Sophianos was well known as an expert on Greek history and geography. He was sent to Greece in about 1543 by Don Diego Hurtado de Mendoza, the Spanish envoy to Venice, to acquire Greek manuscripts for the Escurial Library. It is about this time – possibly in 1540, the date found at the end of Sophianos text on this map – that Sophianus compiled his great map of Greece, although there is no surviving example.
In 1544, Johann Oporinus, a printer and publisher in Basle, published an eight-sheet version of Sophianos map, cut by Master Christoph of Strasburg. Of this earliest printing, there is also no known extant example. Indeed, the earliest surviving printing of the map recorded by Zacharakis or Karrow was printed by Johann Schroeter in Basle in 1601.
It appears that Oporinus reprinted the map in 1545 to accompany his edition of Gerbelius “In Descriptionem Graeciae Sophiani, Praefatio….”. Although the book gives instructions on colouring the map, and contains additional gazetteer, the map seems not to have been routinely bound with the book, but rather was issued separately, hence its rarity.
Karrow records no example of the book with the map, however, an example in the Library of Congress is described as having the map(the British Library example does not), and this example almost certainly owes its survival, and fine condition, to having been bound in the book, as the page size is very similar to the BL example.
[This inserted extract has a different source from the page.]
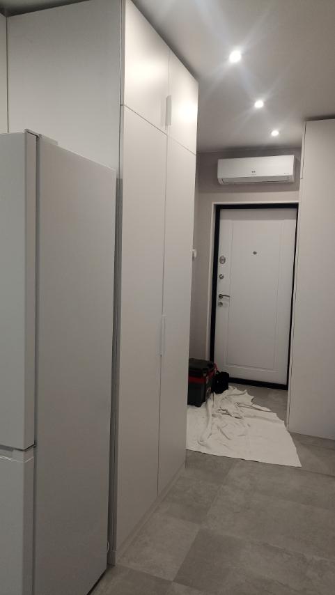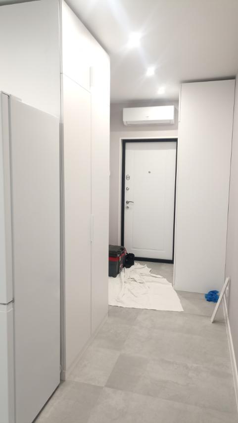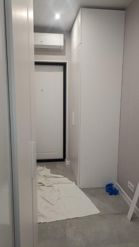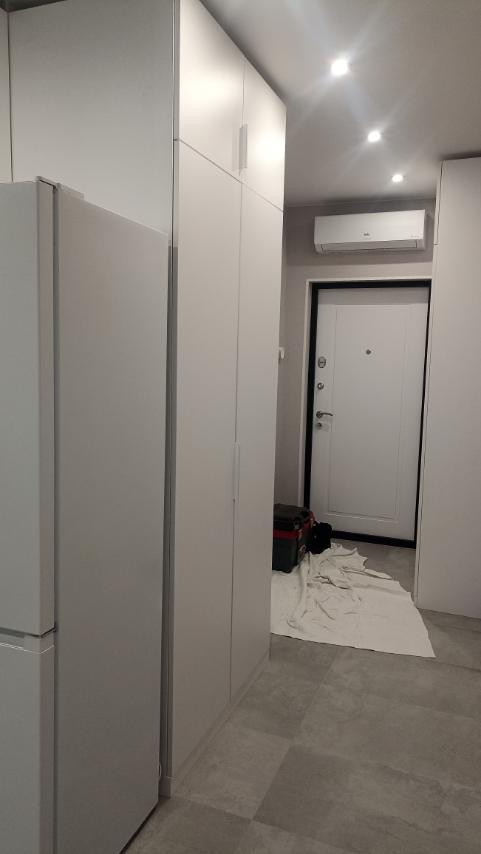 Шкаф исполнен в белом цвете. Фасады: МДФ ПВХ с фрезеровкой.
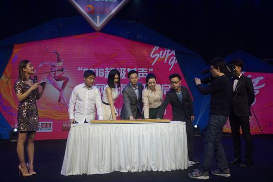 在魅力炫光的舞臺(tái)上,難得一見的超大金匾終于亮相,尚雯婕、BoBo視頻事業(yè)部總經(jīng)理張仕強(qiáng)、網(wǎng)易傳媒移動(dòng)產(chǎn)品部副總經(jīng)理姜靖華、網(wǎng)易娛樂總監(jiān)陳志亮以及芒果TV市場(chǎng)部高級(jí)經(jīng)理馮紫劍一起按下手印,攜手開啟網(wǎng)易BoBo海選直通車。金光閃閃的金匾寓意照亮每一個(gè)人bling bling的夢(mèng)想。沒錯(cuò),BoBo就是一個(gè)圓夢(mèng)的舞臺(tái),這次網(wǎng)易娛樂聯(lián)合網(wǎng)易BoBo實(shí)力加盟超級(jí)女聲海選,勢(shì)將圓夢(mèng)進(jìn)行到底!

Karrow notes that Oporinus commissioned a series of town views to accompany the map. Visible along the lower border is the upper border of a frame where these views might have been placed, but this additional panel has been masked off in printing.
Bland arbeten:
Descriptio nova totivs Graeciae per Nicolavm Sophianvm. Basle, 1544-1545, large woodcut wall-map of Greece, on eight sheets uncut, each sheet approx. 380 x 280mm., with an additional sheet with letterpress gazetteer. Of great rarity. The earliest surviving wall-map of Greece and the first significant modern map of Greece, compiled by Nickolaos Sophianos, a Greek cartographer from Corfu, born of a noble family there. This example is apparently the second state of the map. It retains the date 1544 just above the scale bar on the bottom right hand skeet, but the letterpress text in the left hand cartouche on the lower left sheet may have been reset, in whole or part, as it ends with the date “prid[ie] Calend[is]. Septembr[is]. Anno salutis publiae M D X L V”.
(Sotheby's. Zacharakis, Printed Maps of Greece: Sophianos 2242; Karrow, Mapmakerers of the Sixteenth Century, 71/1.2.)